### Work task
What you return should match the data below exactly, with no pictures in it.

### Dataset extract
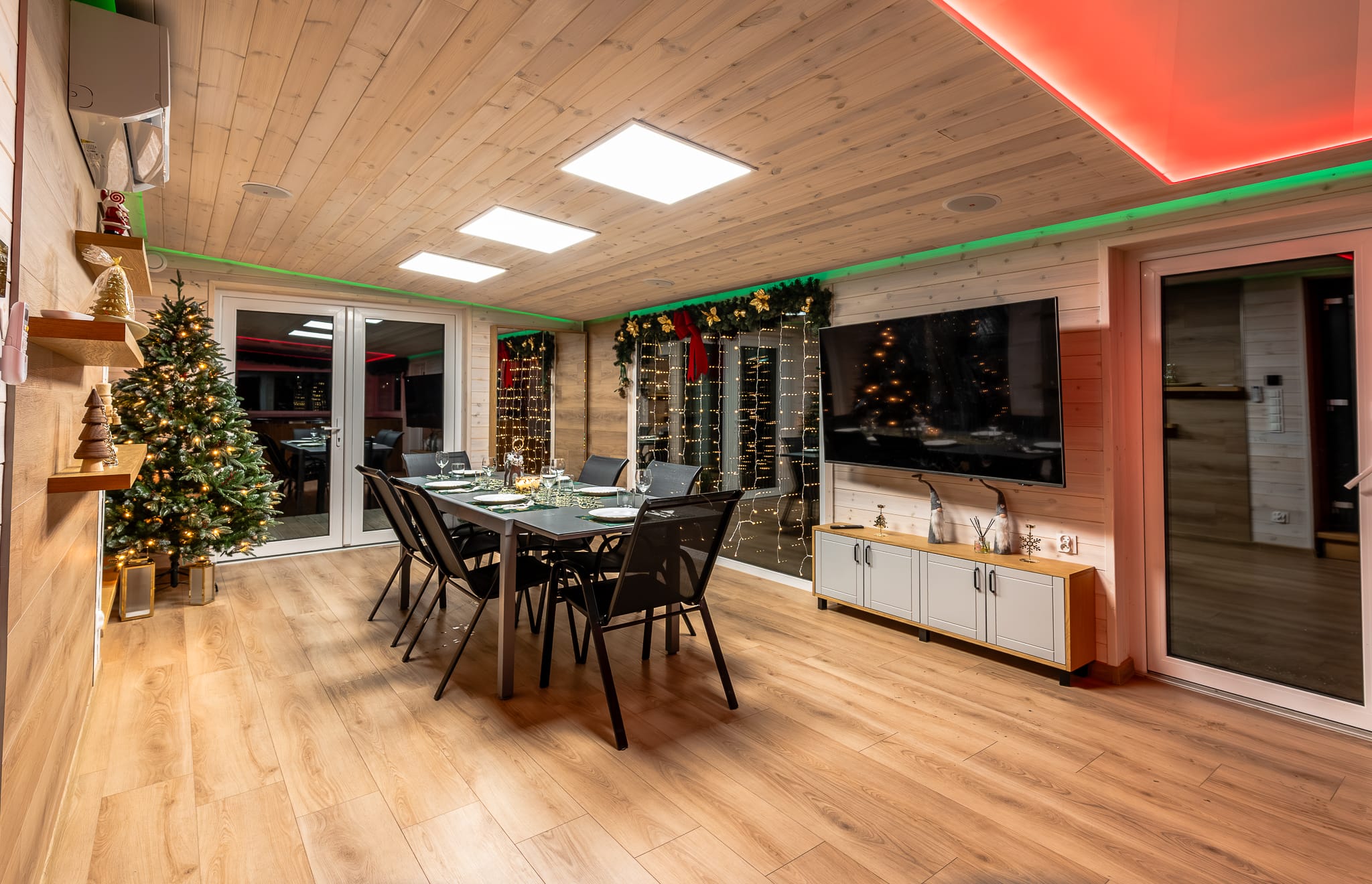 Domek jest również w pełni przystosowany do instalacji ogrzewania elektrycznego – dzięki temu możesz korzystać z niego komfortowo przez cały rok.
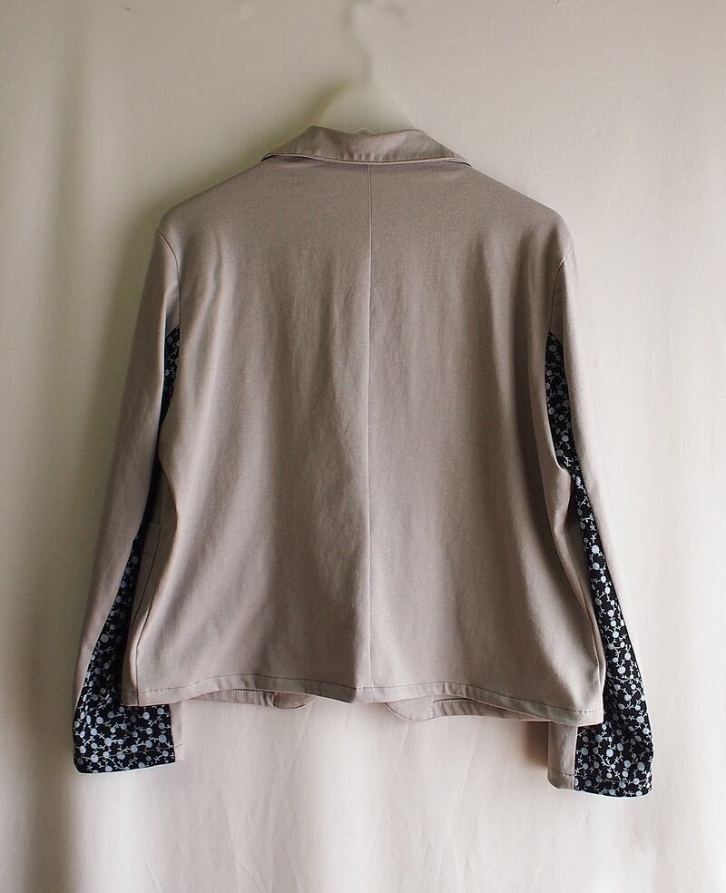 たった一つの…レディス★綿30天竺×Wガーゼ天竺★ミニショールカラー ★ジャケット★グレージュ&ネイビー系小花プリント★フリーサイズ
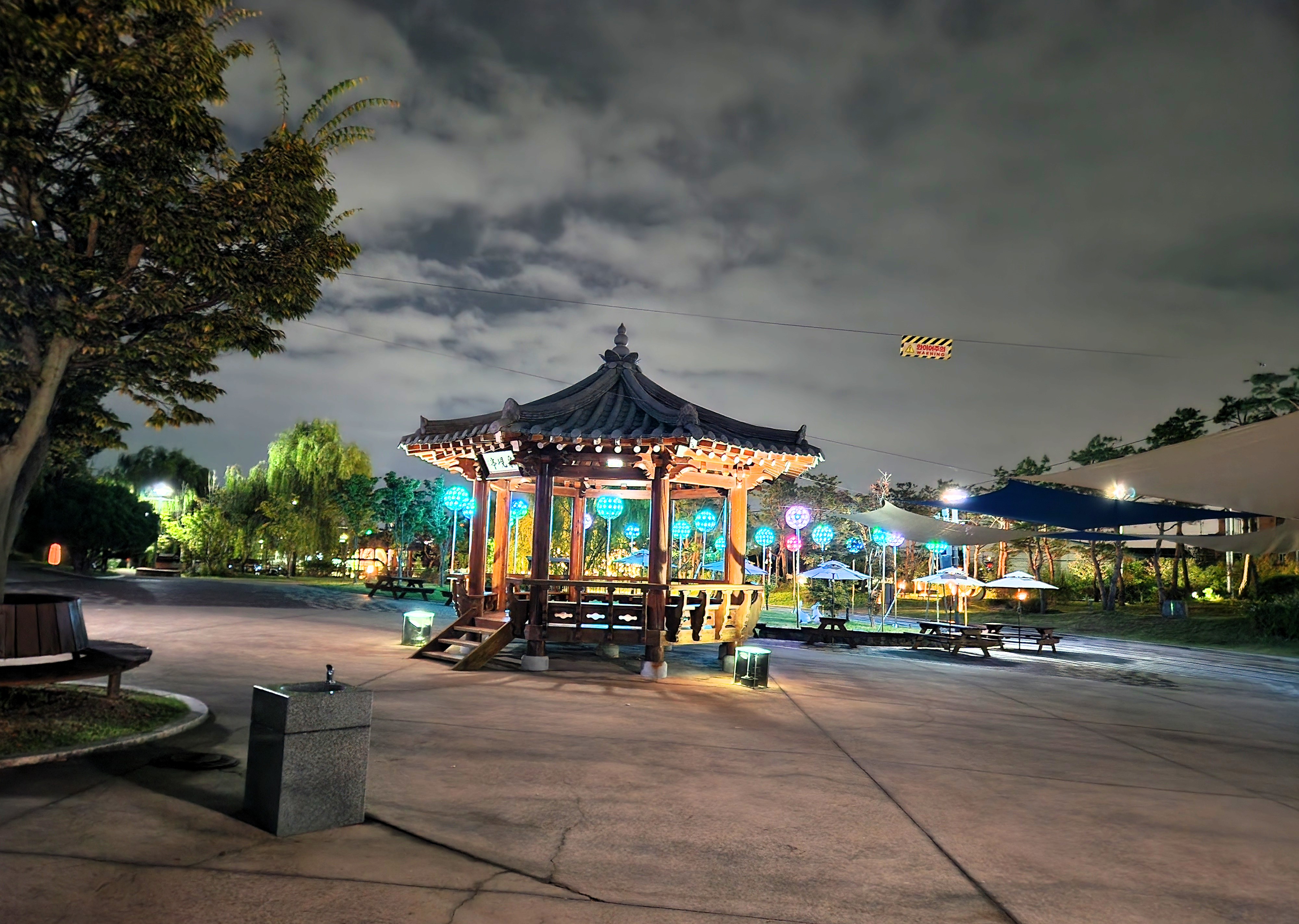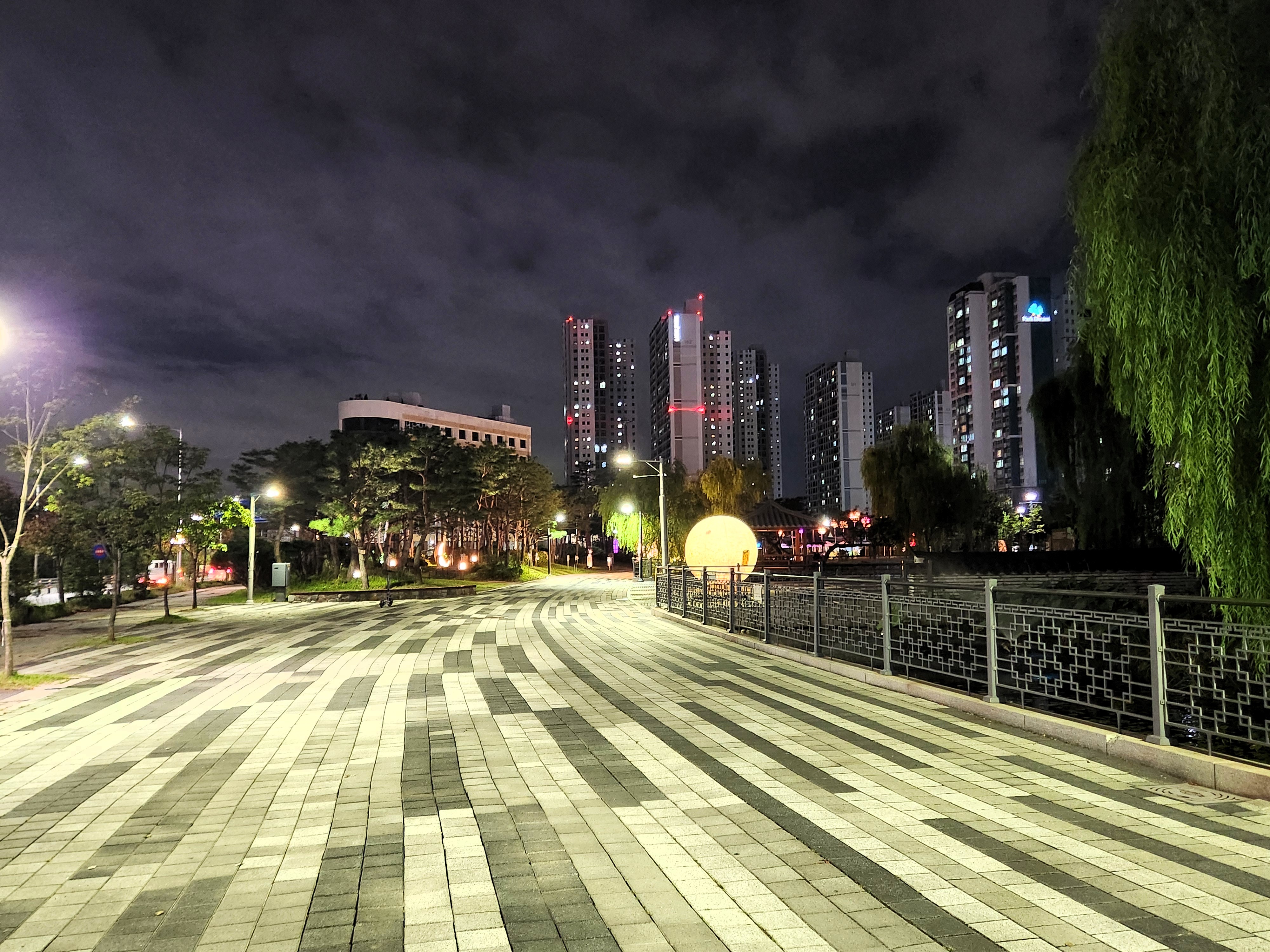 숙소 근처 산책길에는 다양한 조명들이 설치되어 있었어요.
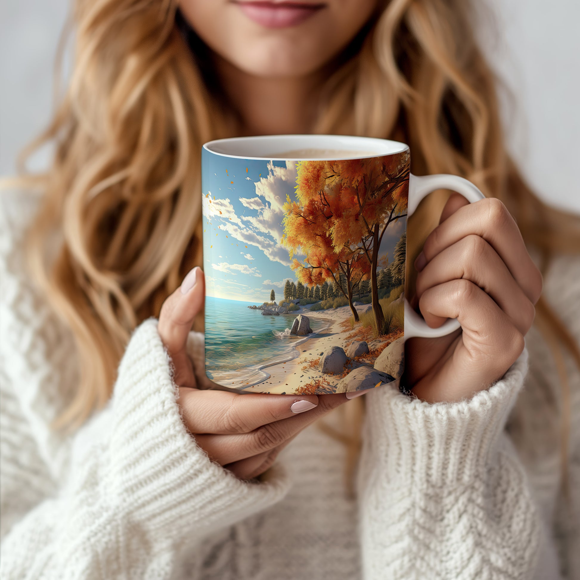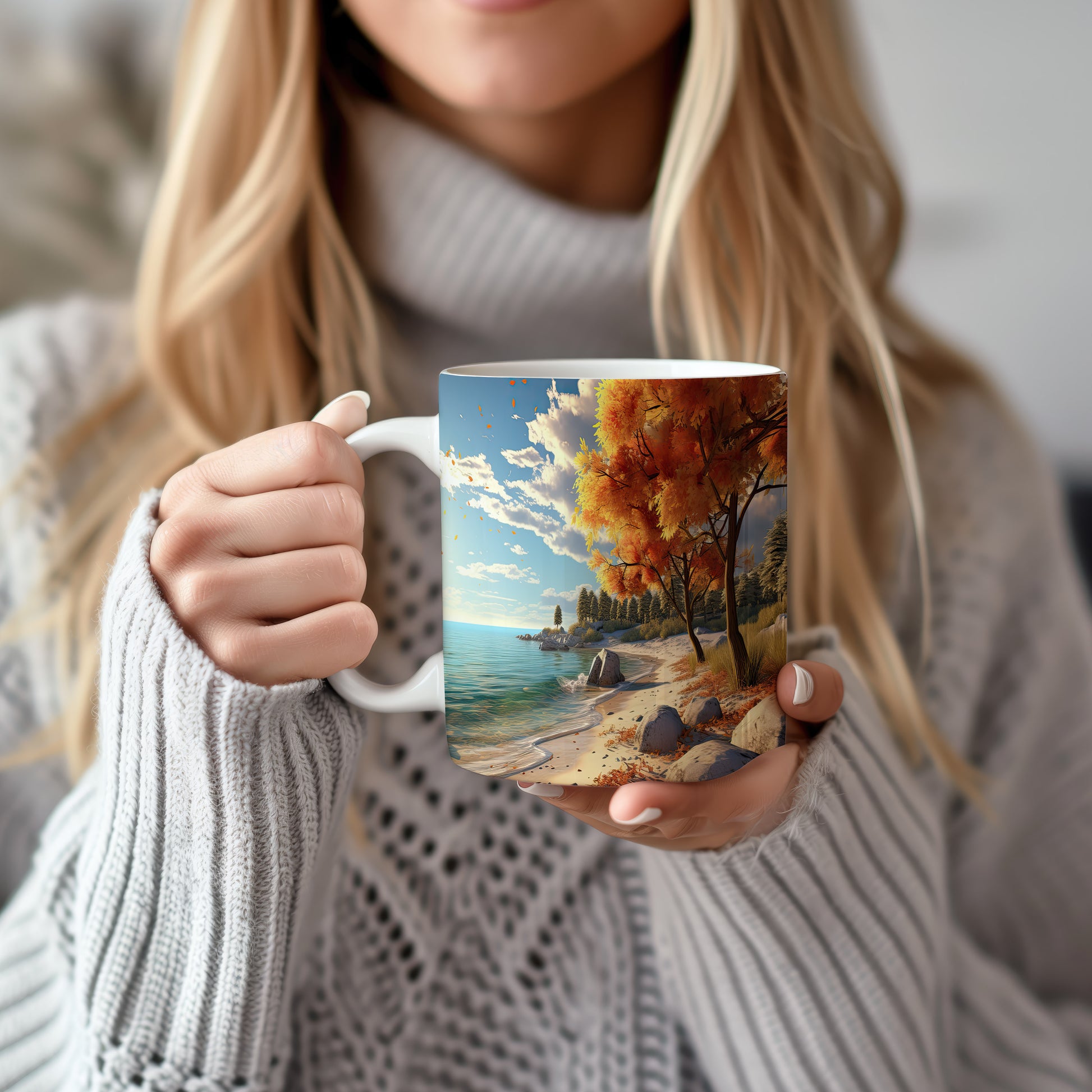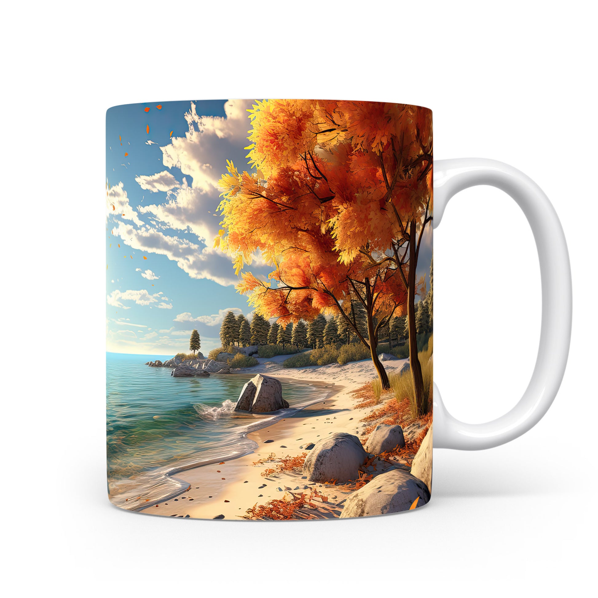 Tento hrnek s motivem podzimní krajiny a oranžovými stromy je ideální pro milovníky přírody. Skvěle se hodí jako dárek pro přátele nebo rodinu, kteří ocení krásu přírody. Materiál: keramika. Objem: 330 ml. Vhodné do myčky i mikrovlnky. Užívejte si kávu nebo čaj s pohledem na klidnou hladinu jezera.

### Written solution
 Domek jest również w pełni przystosowany do instalacji ogrzewania elektrycznego – dzięki temu możesz korzystać z niego komfortowo przez cały rok.
 たった一つの…レディス★綿30天竺×Wガーゼ天竺★ミニショールカラー ★ジャケット★グレージュ&ネイビー系小花プリント★フリーサイズ
 숙소 근처 산책길에는 다양한 조명들이 설치되어 있었어요.
 Tento hrnek s motivem podzimní krajiny a oranžovými stromy je ideální pro milovníky přírody. Skvěle se hodí jako dárek pro přátele nebo rodinu, kteří ocení krásu přírody. Materiál: keramika. Objem: 330 ml. Vhodné do myčky i mikrovlnky. Užívejte si kávu nebo čaj s pohledem na klidnou hladinu jezera.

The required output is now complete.